Segment and personalize programs for customers. This is one of the big pluses of today’s smart energy networks. They can consider multiple variables – like a utility customer’s preferences, system parameters, weather, cost of energy – to optimize and personalize rates and programs. As part of that personalization, a smart city’s utility, whether municipally owned or a private utility that operates in the city, can identify energy use patterns and then make customized recommentions to help customers get the best possible rates or assist with fraud and service connection issues.
Today many electric and gas utilities charge a single rate for every residential customer at every time of the day. In reality, the cost of energy varies widely depending on the time. In particular, electric energy can be very inexpensive at night when demand is low and the output from wind farms is high. But it can be very costly during hot summer days when air conditioners are cranked up, demand is very high and energy is scarce.

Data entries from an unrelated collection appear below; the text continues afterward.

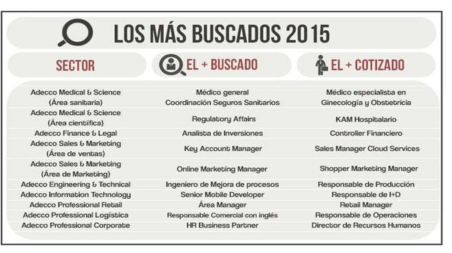 Comienza un año  nuevo con todas las expectativas puestas en la mejora de la economía y la creación de empleo, ante este escenario Adecco Professional, la consultora de selección del Grupo Adecco, especializada en los principales perfiles profesionales del área comercial, tecnologías de la información, salud, financiera, legal, de ingeniería, sector logístico y sector retail, lanzó sus previsiones para este año a través de su informe Los + Buscados, que en 2015 celebra su décima edición.
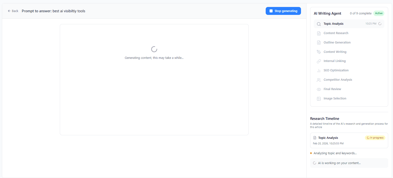 Once you click "Generate content",The AI Writing Agent then runs a structured workflow:
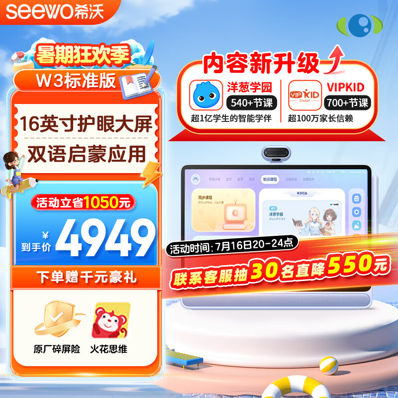 希沃学习机W3类纸护眼大屏儿童学习机学生平板电脑小学到高中课程同步AI英语学习早教机8G+256G 星辰紫价格:4999.00元!
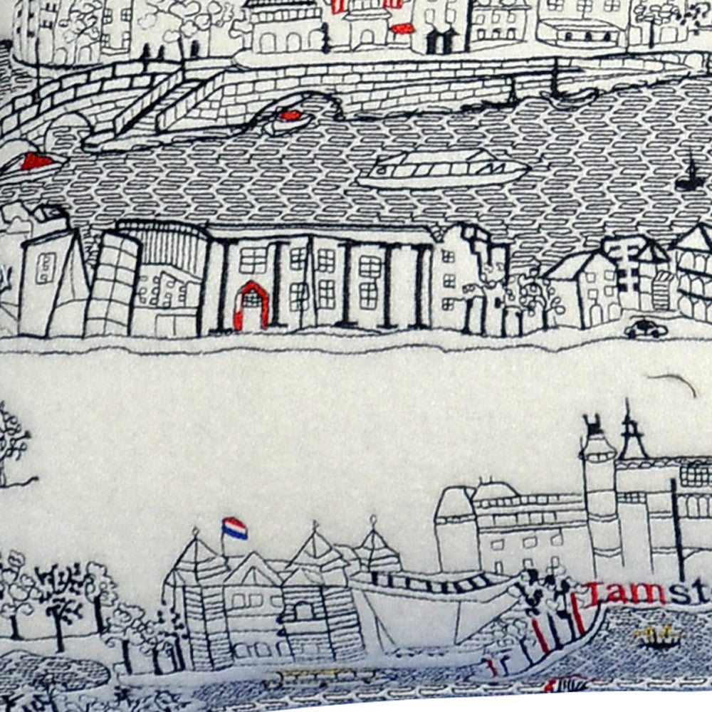 Showcase this world famous city, with our Cream Color Amsterdam Daylight Skyline Queen Size Lumbar Decorative Pillow. The daylight view of Amsterdam with the beautiful River Amstel running through it, is picture perfect. The gorgeous art features many famous landmarks and references for this destination city, rendering a modern whimsical way to bring this iconic citys to life. Made of a wool/nylon blend, this high quality stitched decorative pillow features black on white embroidered artwork mixed with pops of color that highlight important and recognizable icons from this internationally popular city. This pillow makes a great gift, decorative accent and conversation piece. 4" x 35" x 14"
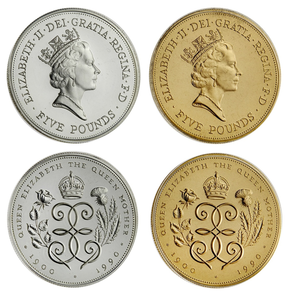 Great Britain. Elizabeth II (1952-). 90th Birthday of the Queen Mother. Proof Gold and Silver 5 Pounds, 1990. Crowned bust right by Maklouf, rev. Crowned cipher double E flanked by a rose and thistle. S.L1; KM 962a, b. Each in case of issue with CoA. Choice Brilliant Proof. (2)
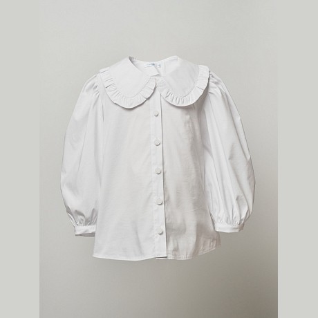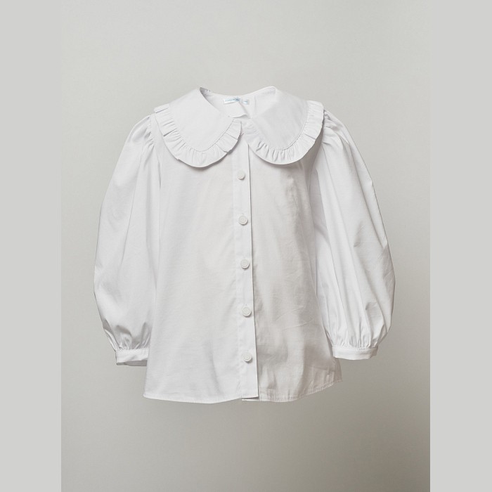 - 🎨 Дизайн: белый цвет, воротник с оборками, рукава-фонарики
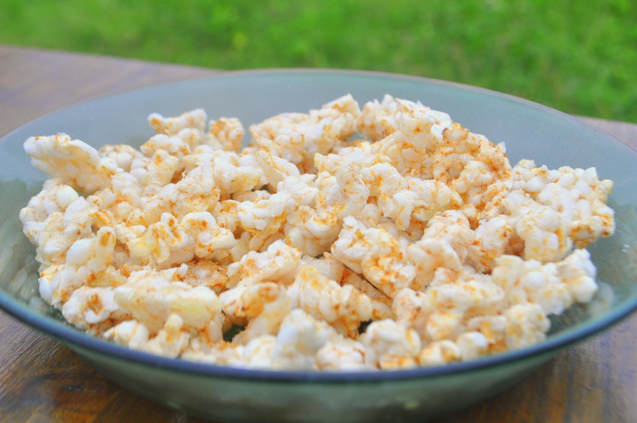 - Coloque a pipoca de arroz num prato, tempere e sirva.
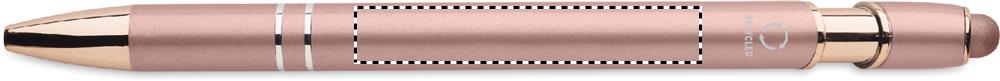 Шариковая ручка со стилусом из переработанного алюминия с деталями из розового золота. Синие чернила.
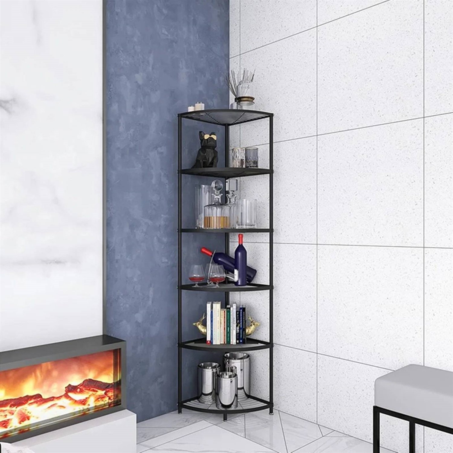 Maximize your space and turn any corner into a functional use of space with this 65-inch Freestanding Heavy Duty Corner Pot Rack 6-Tier Kitchen Shelf. Perfect for the kitchen, Cleverly tucks away in a corner, allowing you to turn an awkward waste of space into a functional storage nook. 6-tier corner shelves crafted from a solid metal frame, the stainless-steel corner shelf stand is quite robust and durable, lasting for long-term use. The kitchen corner storage shelves can fit in every nook and cranny of your home, and stand flush against the wall to make good use of the limited corner space. Best Kitchen Cabinet Pantry Organizer for your Lids, Pots, Pans, Cast Iron Skillet, Griddles, Baking Pan, Cutting Boards, and Serving Trays. The excellent material makes the product have a great load-bearing force, and it is not easy to collapse when things are put on it, and it can carry kitchen utensils stably. The capacity of six layers can put down the Pots and pans that are usually needed, and the open space is easy to take, without unnecessary opening and closing action.
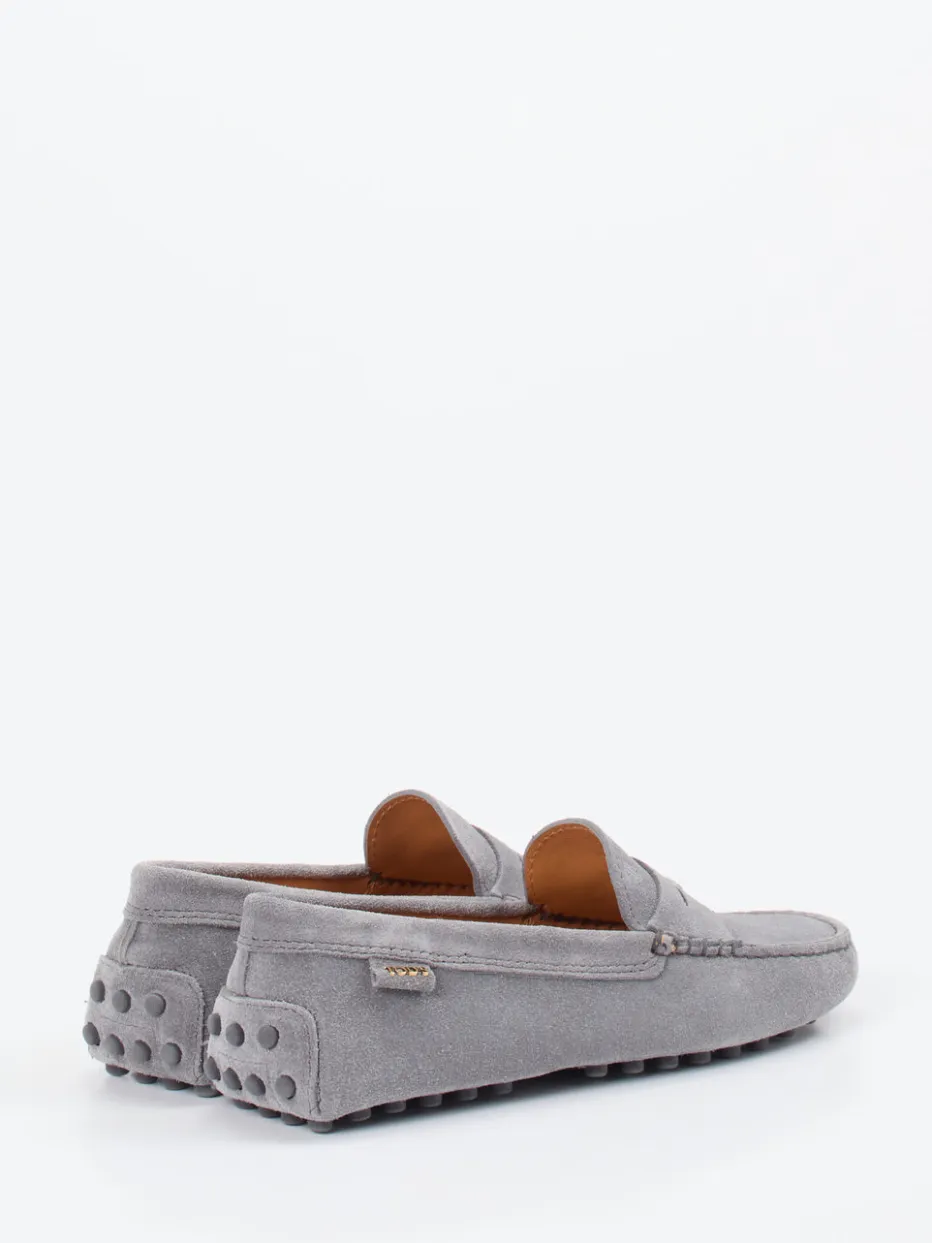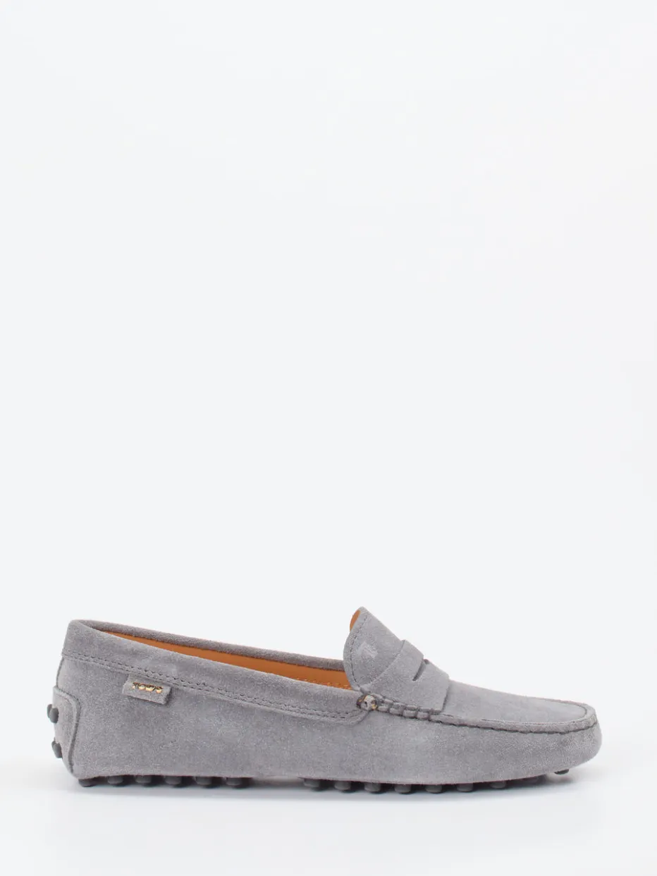 Eleganz trifft zurückhaltenden Luxus.Tod’s präsentiert mit diesem Damen-Loafer ein Modell, das klassischen Chic mit modernem Purismus verbindet. Ob im Büro oder beim Stadtbummel – der hellgraue Loafer aus samtig angeschliffenem Veloursleder bietet stilvollen Komfort. Die charakteristische Gummisohle mit Noppenprofil sorgt für sicheren Tritt, während Zierlasche und goldfarbenes Markenemblem dezente Akzente setzen. Die klassische, flache Silhouette reiht sich perfekt in die Trends „Quiet Luxury“ und „Soft Neutrals“ ein. Besonders harmonisch in Kombination mit Kaschmir und Lederaccessoires. Italienische Handwerkskunst mit ikonischer Sohlensignatur für anspruchsvolle Looks.

Smart meters and smart grids make it possible for utilities to offer a variety of programs to encourage energy efficiency and cost savings. Examples include time-of-use rates, peak-time rebates, efficiency incentives and demand response programs.
CenterPoint Energy in Texas completed installation of more than 2.2 million smart meters from Council member Itron as part of its smart grid initiative, which was designed to give consumers more control over their energy consumption.
Now CenterPoint customers have 15-minute interval access to their energy data from the Smart Meter Texas online web portal and have wireless capabilities to install in-home energy management devices.
“Our smart meter deployment has been extremely successful. Not only have we had compliments from our customers and the Public Utility Commission of Texas, we’ve also had compliments from the Department of Energy,” said Kenny Mercado, division senior vice president of Grid and Market Operations for CenterPoint Energy.
The Smart Grid Consumer Collaborative is a nonprofit organization focused on advancing a consumer-safe, consumer-friendly smart grid and has researched consumers and published reports on smart grid consumer education and segmentation. SGCC’s research shows that consumers fall into five broad segments ranging from Concerned Greens, those people who want a cleaner energy portfolio, to Do-It-Yourself and Save,
those people who want to save money and are likely to enroll in programs that will help them take action to do that. Both of these segments would likely be responsive to personalize programs that match their values around energy.
Joining with organizations like SGCC to obtain materials, collaborate with others and learn best practices for citizen engagement is one way to increase the likelihood that smart energy projects receive consumer support.
Facility helps public and private sector researchers scale up clean energy technologies
Located at the National Renewable Energy Laboratory’s campus in Golden, Colorado, the new 182,500-square-foot Energy Systems Integration Facility (ESIF) is the first facility in the United States to help both public and private sector researchers scale-up promising clean energy technologies – from solar modules and wind turbines to electric vehicles and efficient, interactive home appliances – and test how they interact with each other and the grid at utility-scale. The U.S. Congress provided $135 million to construct and equip the facility.
ESIF, which opened in 2013, houses more than 15 experimental laboratories and several outdoor test beds, including an interactive hardware-in-the-loop system that lets researchers and manufacturers test their products at full power and real grid load levels. The facility will also feature a petascale supercomputer that can support large-scale modeling and simulation at one quadrillion operations per second.